▸ EXERCISE: All of the lines below are to be transcribed faithfully, with pictures excluded from the copy.

▸ EXERCISE DATA:

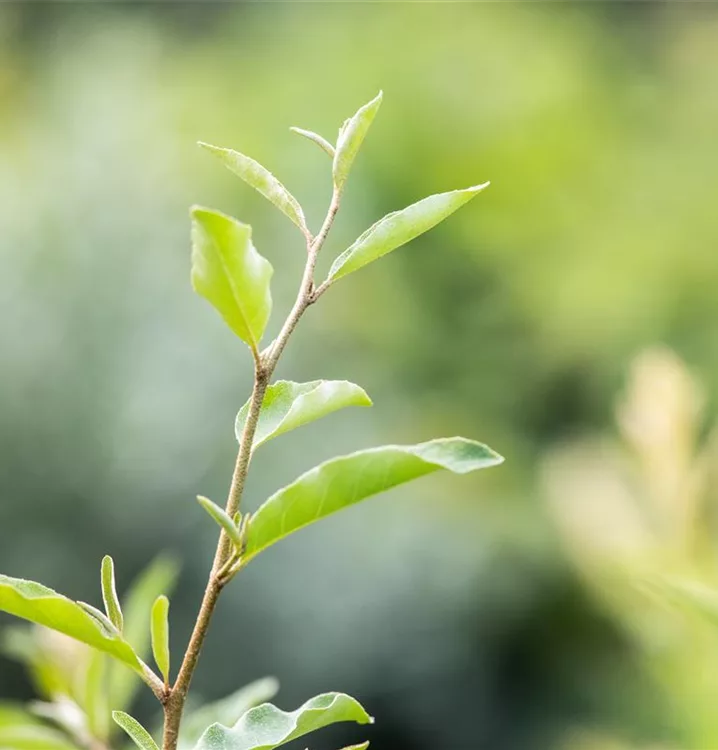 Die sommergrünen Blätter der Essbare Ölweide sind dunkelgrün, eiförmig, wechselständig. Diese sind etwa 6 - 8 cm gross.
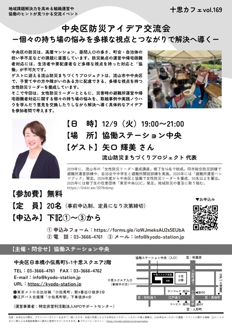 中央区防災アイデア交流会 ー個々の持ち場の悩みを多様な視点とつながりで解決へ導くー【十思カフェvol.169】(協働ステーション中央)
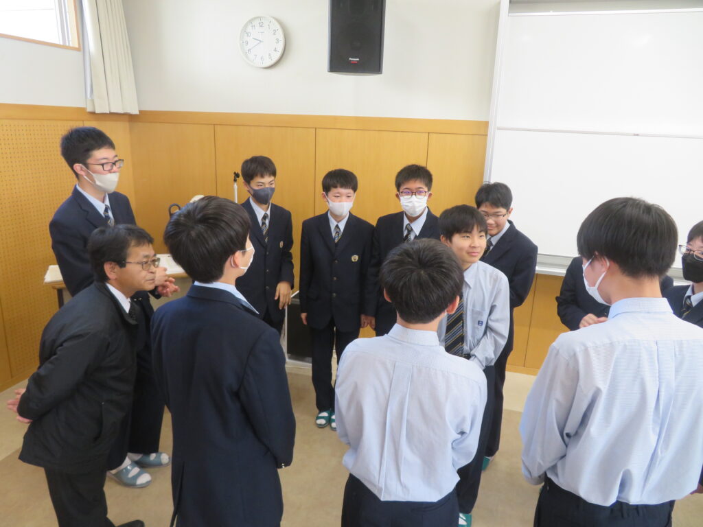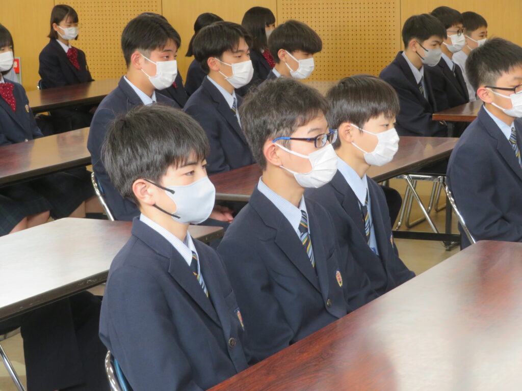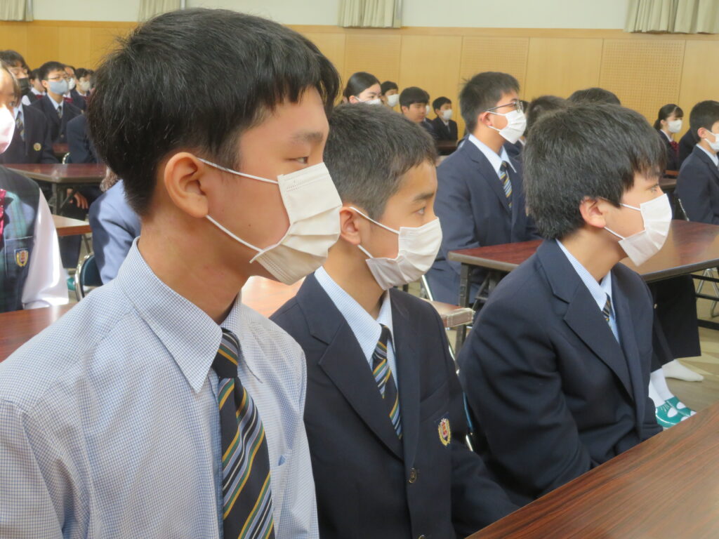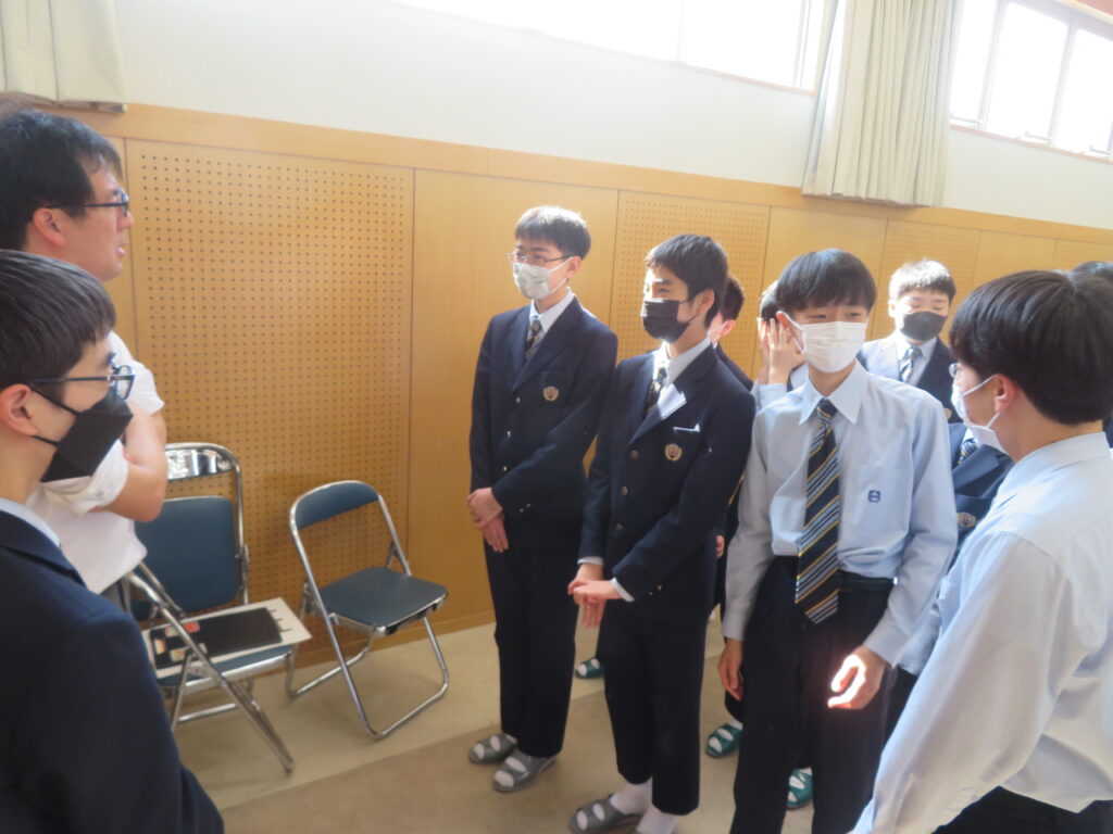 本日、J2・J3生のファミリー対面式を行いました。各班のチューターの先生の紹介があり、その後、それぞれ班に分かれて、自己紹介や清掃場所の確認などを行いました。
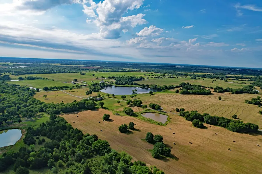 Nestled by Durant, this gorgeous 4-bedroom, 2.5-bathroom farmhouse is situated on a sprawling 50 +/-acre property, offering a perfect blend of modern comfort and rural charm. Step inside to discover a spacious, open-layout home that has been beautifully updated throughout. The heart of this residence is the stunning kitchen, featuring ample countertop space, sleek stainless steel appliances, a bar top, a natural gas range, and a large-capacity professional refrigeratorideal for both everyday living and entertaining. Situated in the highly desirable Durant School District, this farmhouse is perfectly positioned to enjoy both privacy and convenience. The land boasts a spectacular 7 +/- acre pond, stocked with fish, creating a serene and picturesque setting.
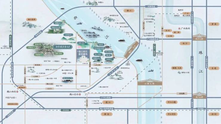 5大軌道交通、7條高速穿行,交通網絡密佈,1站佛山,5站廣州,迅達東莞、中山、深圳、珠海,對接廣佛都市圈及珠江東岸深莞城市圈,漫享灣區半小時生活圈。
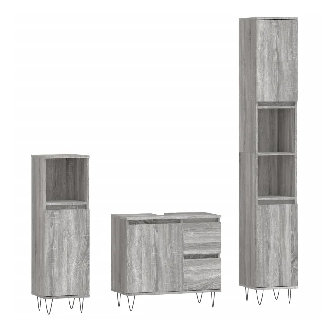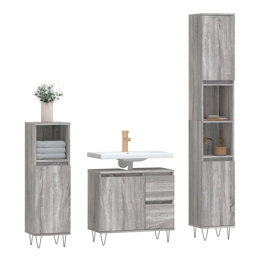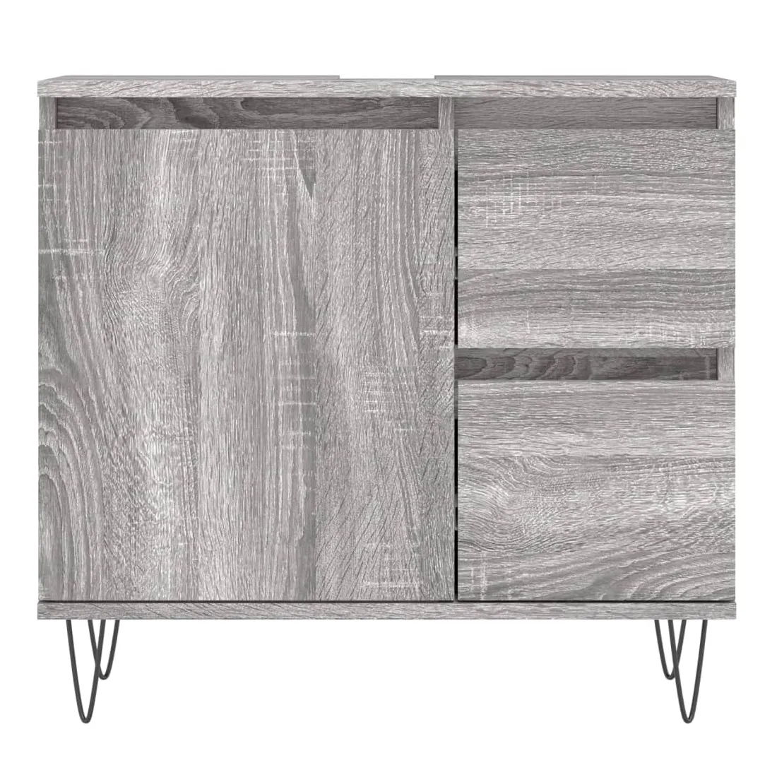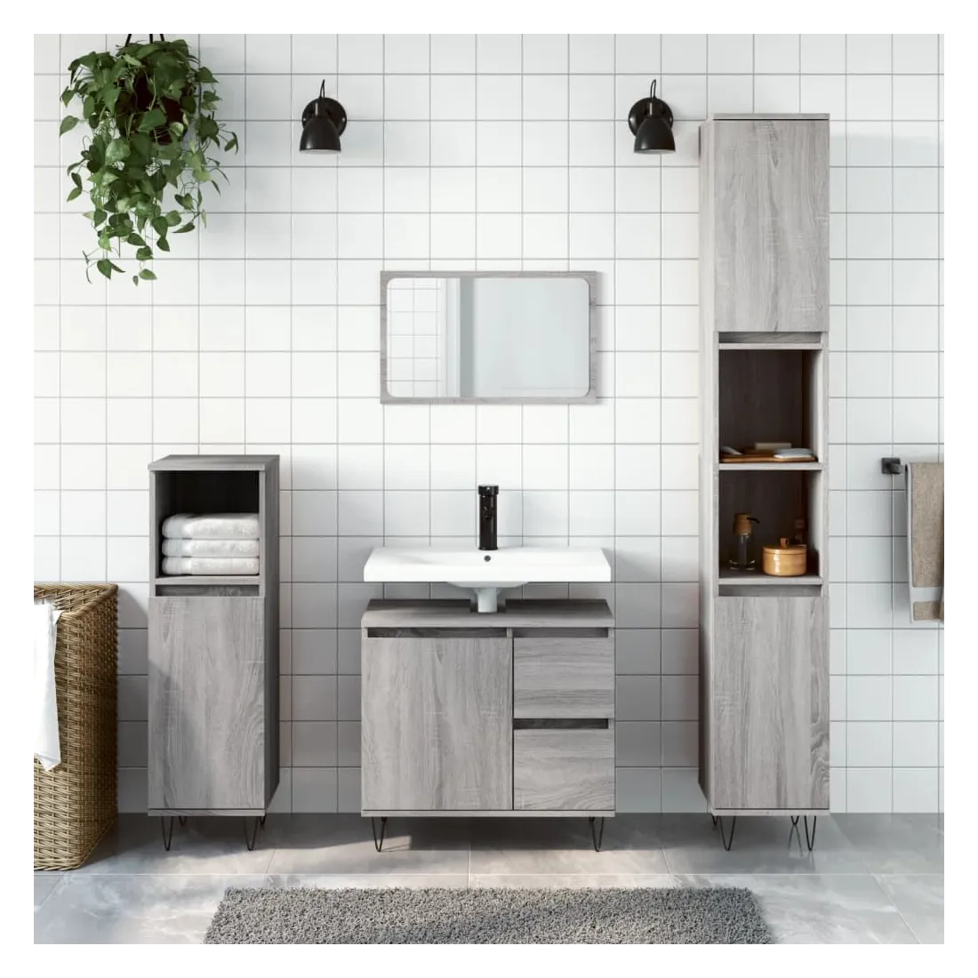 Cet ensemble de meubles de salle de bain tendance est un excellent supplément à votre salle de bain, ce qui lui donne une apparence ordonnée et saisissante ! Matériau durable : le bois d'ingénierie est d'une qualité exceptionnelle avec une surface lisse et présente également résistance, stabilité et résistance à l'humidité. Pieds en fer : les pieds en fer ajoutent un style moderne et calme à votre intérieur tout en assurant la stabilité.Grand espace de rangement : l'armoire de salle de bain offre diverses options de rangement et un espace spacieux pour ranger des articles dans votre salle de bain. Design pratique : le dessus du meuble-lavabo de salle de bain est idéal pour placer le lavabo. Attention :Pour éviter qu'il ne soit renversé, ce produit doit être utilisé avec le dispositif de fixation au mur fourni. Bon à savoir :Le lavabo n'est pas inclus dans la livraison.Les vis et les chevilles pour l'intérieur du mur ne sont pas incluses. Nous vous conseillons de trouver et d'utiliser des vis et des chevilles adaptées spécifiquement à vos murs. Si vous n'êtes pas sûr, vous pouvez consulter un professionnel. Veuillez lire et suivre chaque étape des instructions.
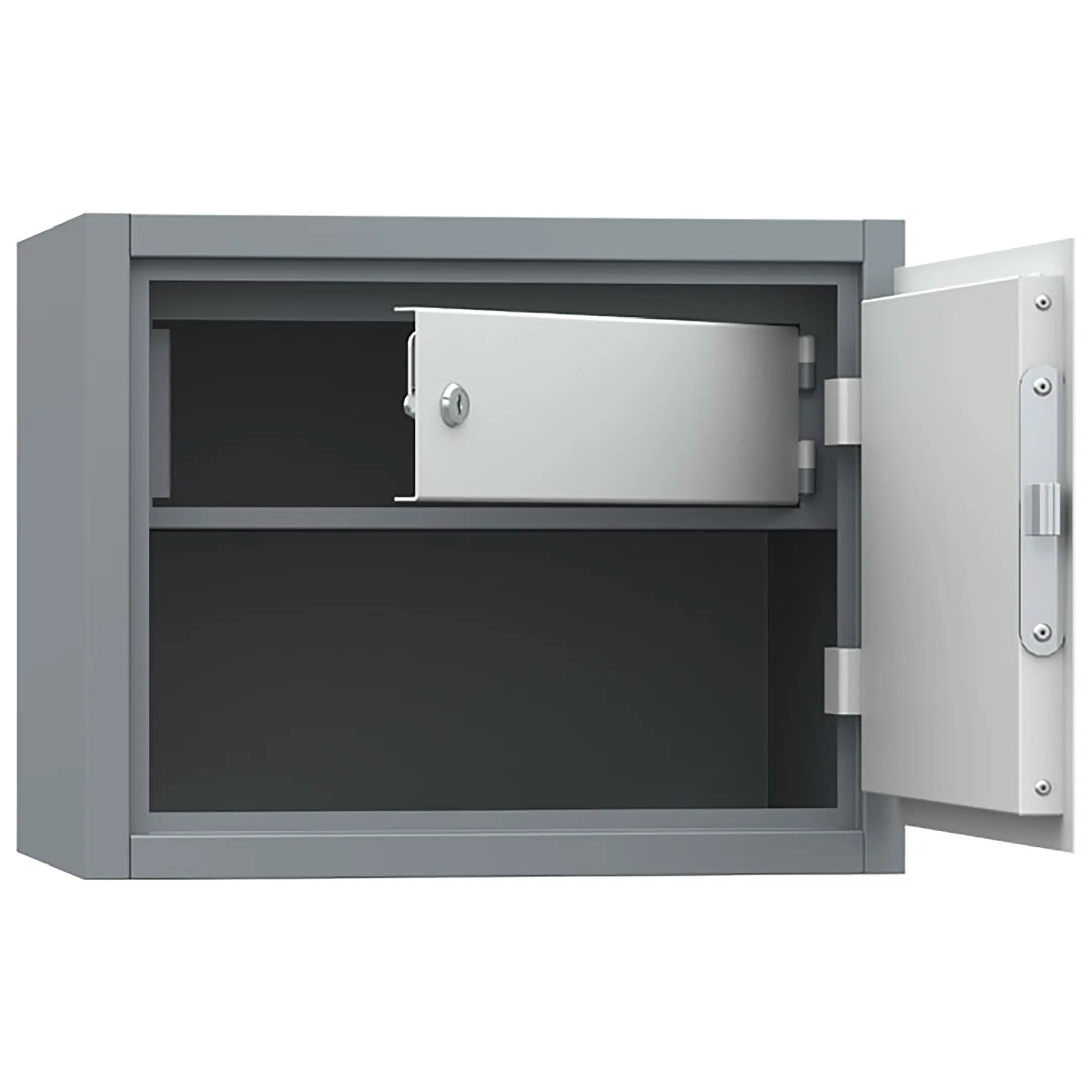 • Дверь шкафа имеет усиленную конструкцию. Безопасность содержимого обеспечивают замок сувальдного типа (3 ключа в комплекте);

▸ TASK ANSWER:
 Die sommergrünen Blätter der Essbare Ölweide sind dunkelgrün, eiförmig, wechselständig. Diese sind etwa 6 - 8 cm gross.
 中央区防災アイデア交流会 ー個々の持ち場の悩みを多様な視点とつながりで解決へ導くー【十思カフェvol.169】(協働ステーション中央)
 本日、J2・J3生のファミリー対面式を行いました。各班のチューターの先生の紹介があり、その後、それぞれ班に分かれて、自己紹介や清掃場所の確認などを行いました。
 Nestled by Durant, this gorgeous 4-bedroom, 2.5-bathroom farmhouse is situated on a sprawling 50 +/-acre property, offering a perfect blend of modern comfort and rural charm. Step inside to discover a spacious, open-layout home that has been beautifully updated throughout. The heart of this residence is the stunning kitchen, featuring ample countertop space, sleek stainless steel appliances, a bar top, a natural gas range, and a large-capacity professional refrigeratorideal for both everyday living and entertaining. Situated in the highly desirable Durant School District, this farmhouse is perfectly positioned to enjoy both privacy and convenience. The land boasts a spectacular 7 +/- acre pond, stocked with fish, creating a serene and picturesque setting.
 5大軌道交通、7條高速穿行,交通網絡密佈,1站佛山,5站廣州,迅達東莞、中山、深圳、珠海,對接廣佛都市圈及珠江東岸深莞城市圈,漫享灣區半小時生活圈。
 Cet ensemble de meubles de salle de bain tendance est un excellent supplément à votre salle de bain, ce qui lui donne une apparence ordonnée et saisissante ! Matériau durable : le bois d'ingénierie est d'une qualité exceptionnelle avec une surface lisse et présente également résistance, stabilité et résistance à l'humidité. Pieds en fer : les pieds en fer ajoutent un style moderne et calme à votre intérieur tout en assurant la stabilité.Grand espace de rangement : l'armoire de salle de bain offre diverses options de rangement et un espace spacieux pour ranger des articles dans votre salle de bain. Design pratique : le dessus du meuble-lavabo de salle de bain est idéal pour placer le lavabo. Attention :Pour éviter qu'il ne soit renversé, ce produit doit être utilisé avec le dispositif de fixation au mur fourni. Bon à savoir :Le lavabo n'est pas inclus dans la livraison.Les vis et les chevilles pour l'intérieur du mur ne sont pas incluses. Nous vous conseillons de trouver et d'utiliser des vis et des chevilles adaptées spécifiquement à vos murs. Si vous n'êtes pas sûr, vous pouvez consulter un professionnel. Veuillez lire et suivre chaque étape des instructions.
 • Дверь шкафа имеет усиленную конструкцию. Безопасность содержимого обеспечивают замок сувальдного типа (3 ключа в комплекте);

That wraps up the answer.